- **What is needed**: The reply must contain exactly the lines below from the one with "07:30 1:3 97.Капризов" down to the one with "Για Xiaomi Redmi", both included, and nothing more; please omit the pictures.
··· Information shown ···
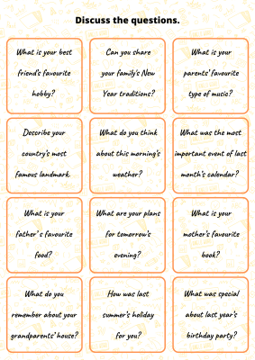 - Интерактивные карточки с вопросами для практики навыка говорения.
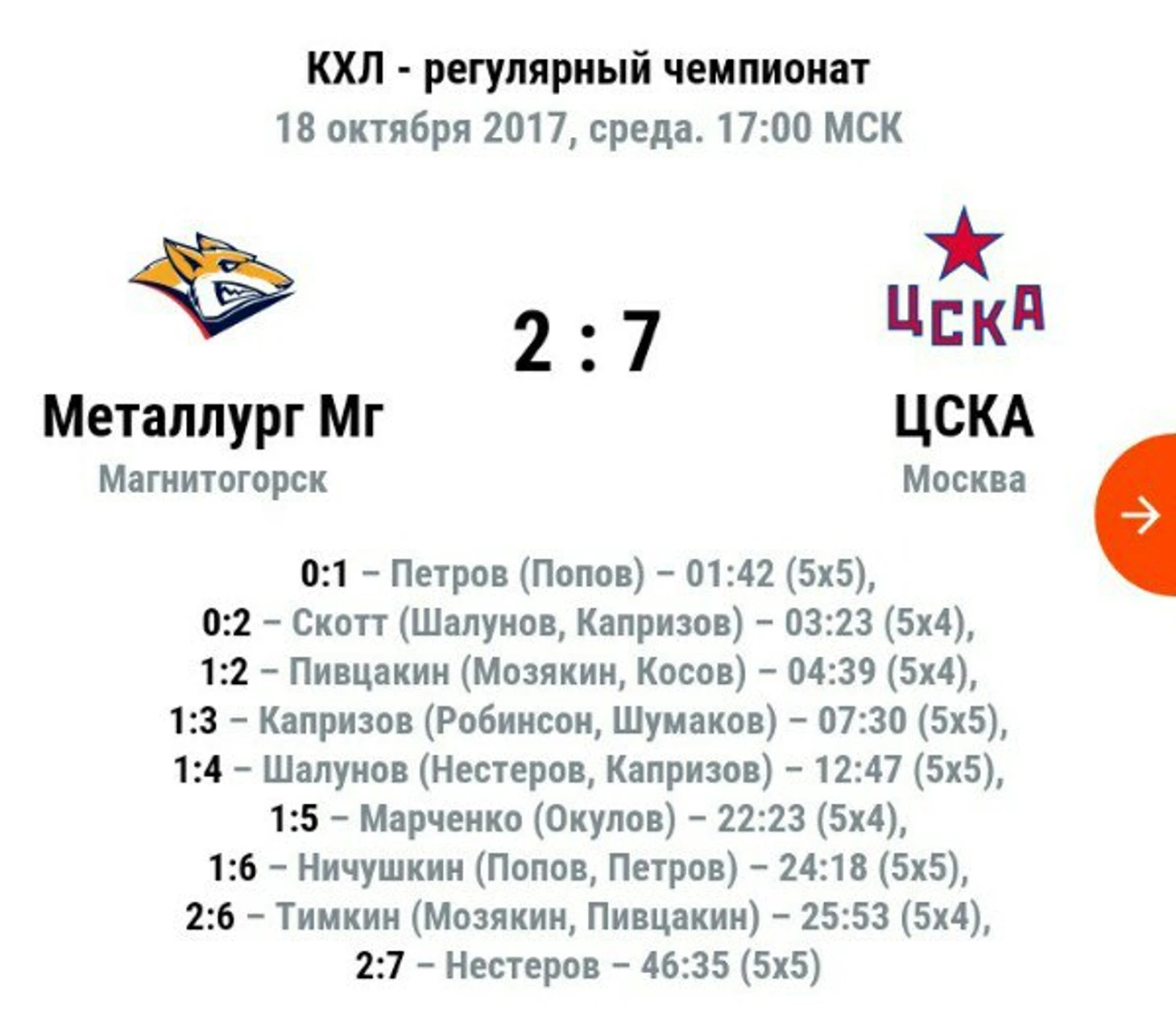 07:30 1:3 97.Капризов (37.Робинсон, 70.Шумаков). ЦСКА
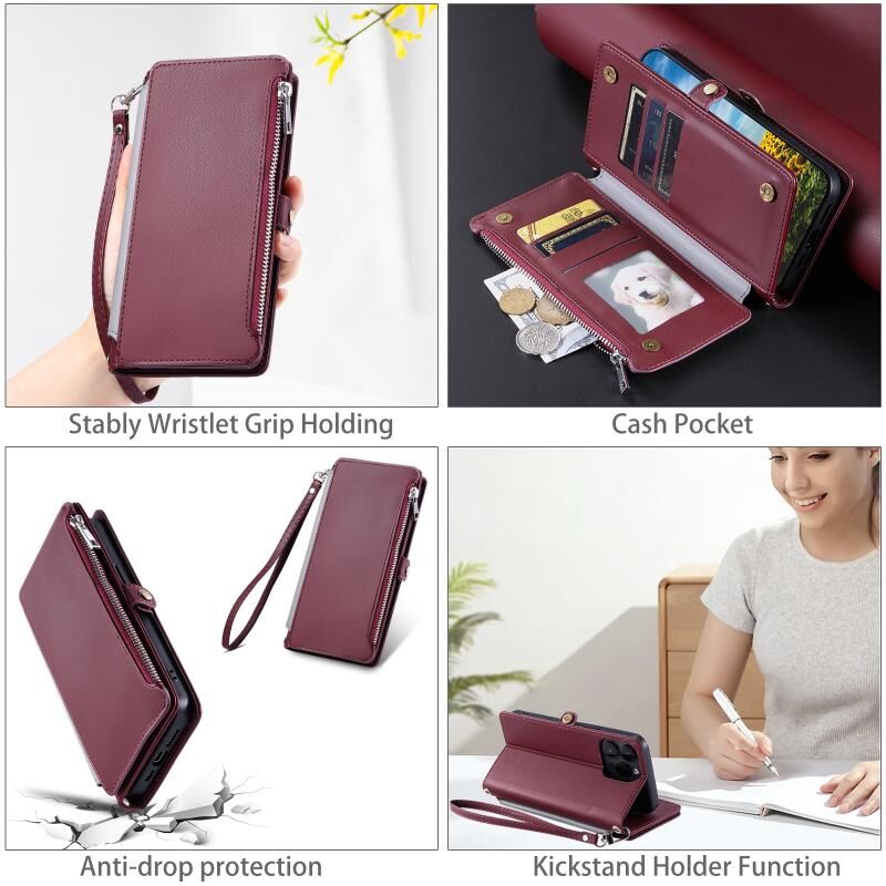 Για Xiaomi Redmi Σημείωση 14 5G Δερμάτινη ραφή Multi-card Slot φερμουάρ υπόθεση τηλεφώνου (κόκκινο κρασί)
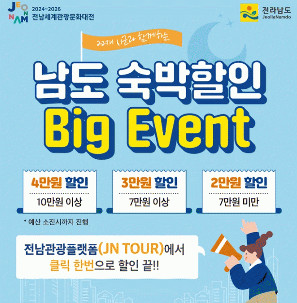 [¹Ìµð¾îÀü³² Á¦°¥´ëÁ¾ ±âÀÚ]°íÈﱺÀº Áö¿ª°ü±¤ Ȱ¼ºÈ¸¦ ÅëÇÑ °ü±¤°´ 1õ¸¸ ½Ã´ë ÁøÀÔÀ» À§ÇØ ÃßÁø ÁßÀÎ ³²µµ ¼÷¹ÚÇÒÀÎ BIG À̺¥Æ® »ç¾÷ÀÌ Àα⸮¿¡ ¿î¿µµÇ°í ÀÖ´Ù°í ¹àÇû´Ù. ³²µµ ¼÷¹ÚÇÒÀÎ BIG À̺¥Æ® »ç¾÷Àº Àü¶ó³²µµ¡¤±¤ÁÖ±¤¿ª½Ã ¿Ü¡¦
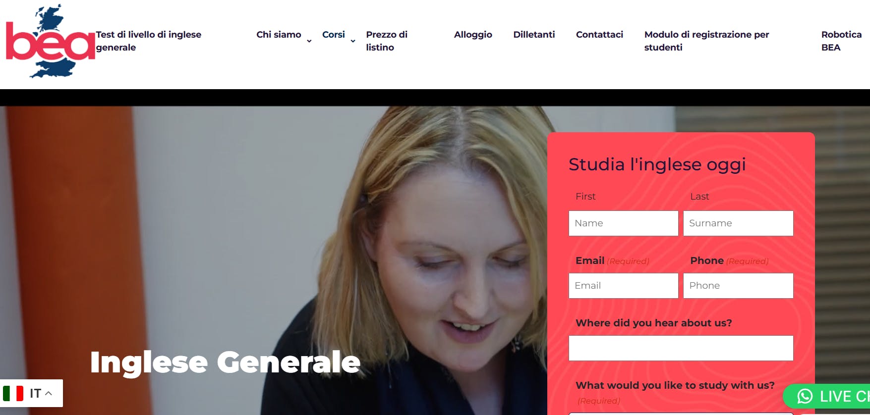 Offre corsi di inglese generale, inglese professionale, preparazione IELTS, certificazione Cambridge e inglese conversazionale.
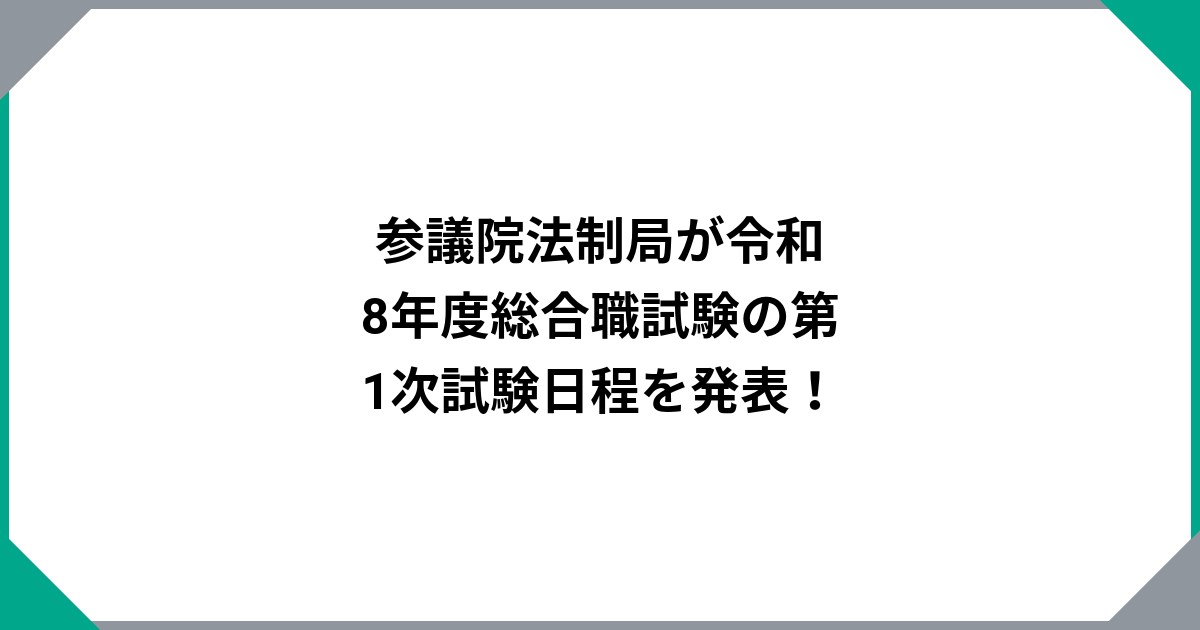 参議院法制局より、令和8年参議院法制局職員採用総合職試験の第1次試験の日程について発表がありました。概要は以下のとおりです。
···
··· Information shown ···
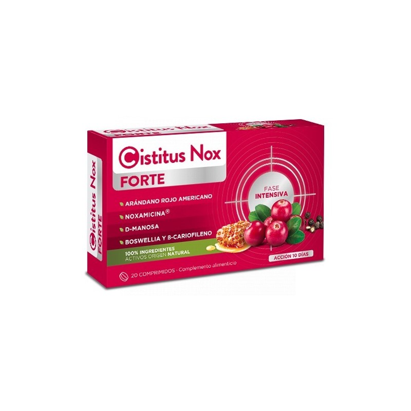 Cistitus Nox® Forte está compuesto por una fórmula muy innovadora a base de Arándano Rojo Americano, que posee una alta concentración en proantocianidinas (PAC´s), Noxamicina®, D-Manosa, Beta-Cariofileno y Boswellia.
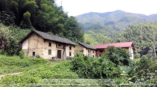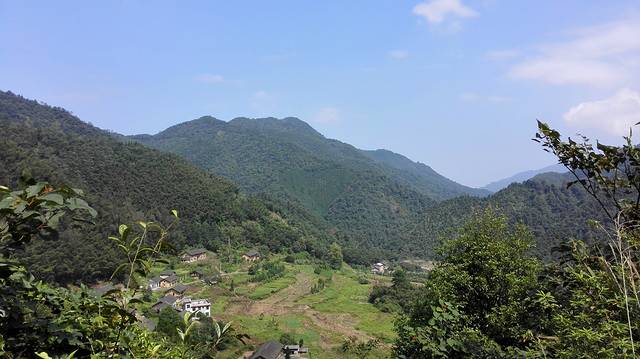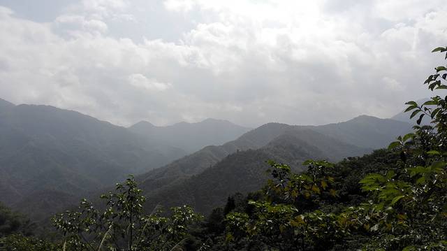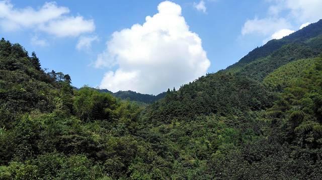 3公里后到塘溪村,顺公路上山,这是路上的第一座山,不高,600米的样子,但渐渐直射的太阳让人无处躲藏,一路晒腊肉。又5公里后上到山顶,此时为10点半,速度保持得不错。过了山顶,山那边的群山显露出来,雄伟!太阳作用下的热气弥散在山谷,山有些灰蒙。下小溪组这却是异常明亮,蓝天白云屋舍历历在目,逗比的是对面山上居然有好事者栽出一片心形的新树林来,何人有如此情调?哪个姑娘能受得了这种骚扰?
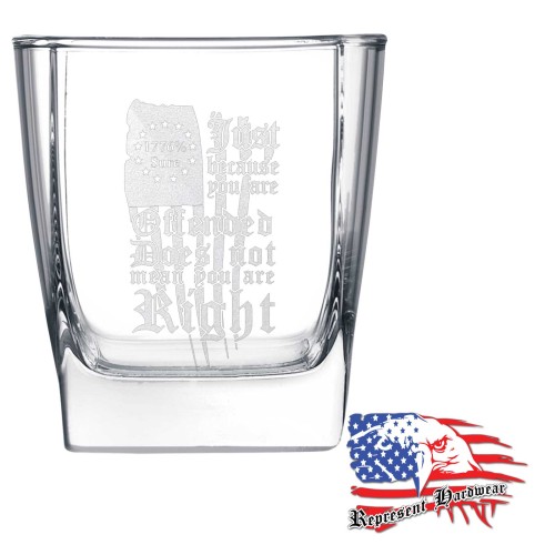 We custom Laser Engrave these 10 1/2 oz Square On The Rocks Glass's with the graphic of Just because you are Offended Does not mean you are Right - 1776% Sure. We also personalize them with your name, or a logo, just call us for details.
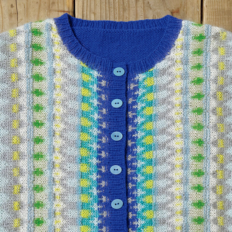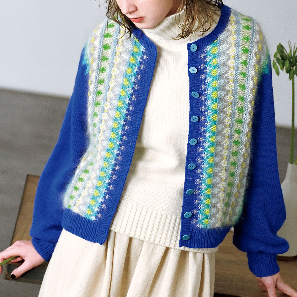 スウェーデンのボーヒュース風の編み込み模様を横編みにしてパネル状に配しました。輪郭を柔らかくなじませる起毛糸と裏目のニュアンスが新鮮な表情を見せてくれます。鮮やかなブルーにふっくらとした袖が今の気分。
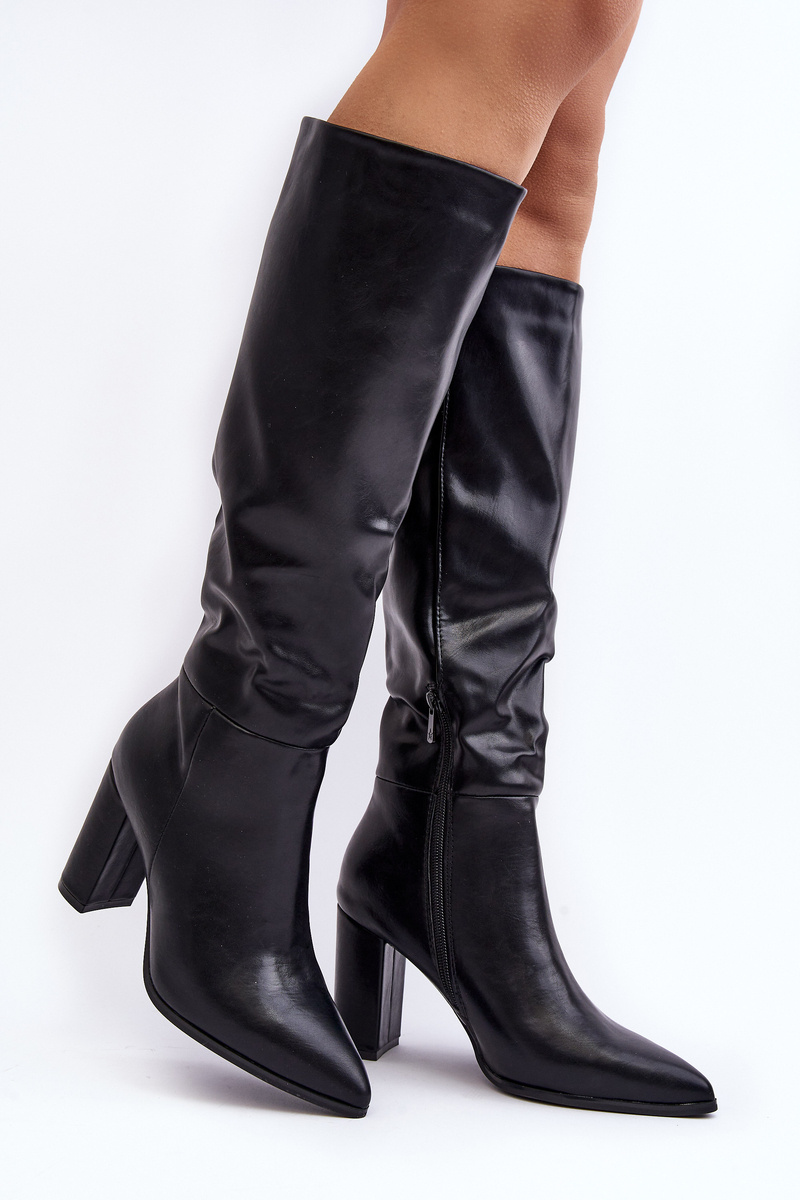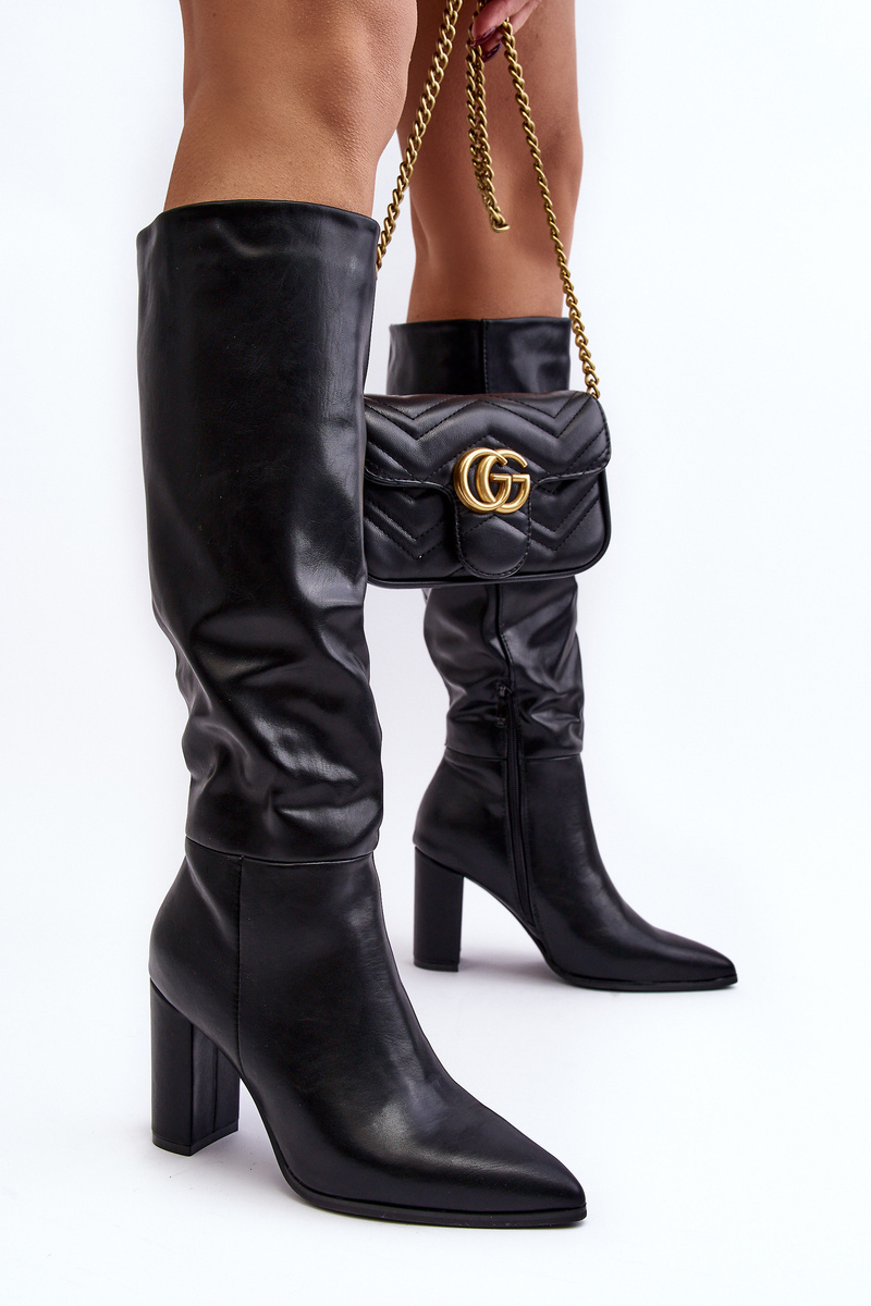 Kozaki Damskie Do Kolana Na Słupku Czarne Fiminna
···
··· Information shown ···
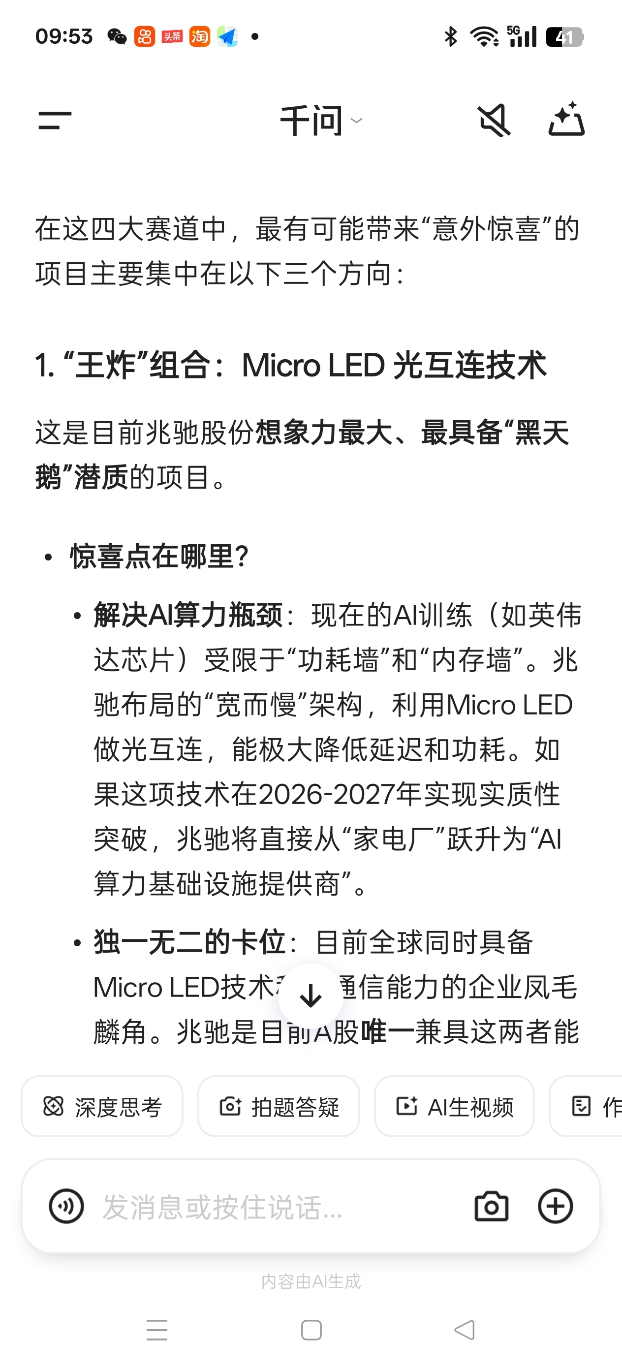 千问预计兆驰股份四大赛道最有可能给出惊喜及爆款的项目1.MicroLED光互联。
···
- **Task solution**:
 07:30 1:3 97.Капризов (37.Робинсон, 70.Шумаков). ЦСКА
 Για Xiaomi Redmi Σημείωση 14 5G Δερμάτινη ραφή Multi-card Slot φερμουάρ υπόθεση τηλεφώνου (κόκκινο κρασί)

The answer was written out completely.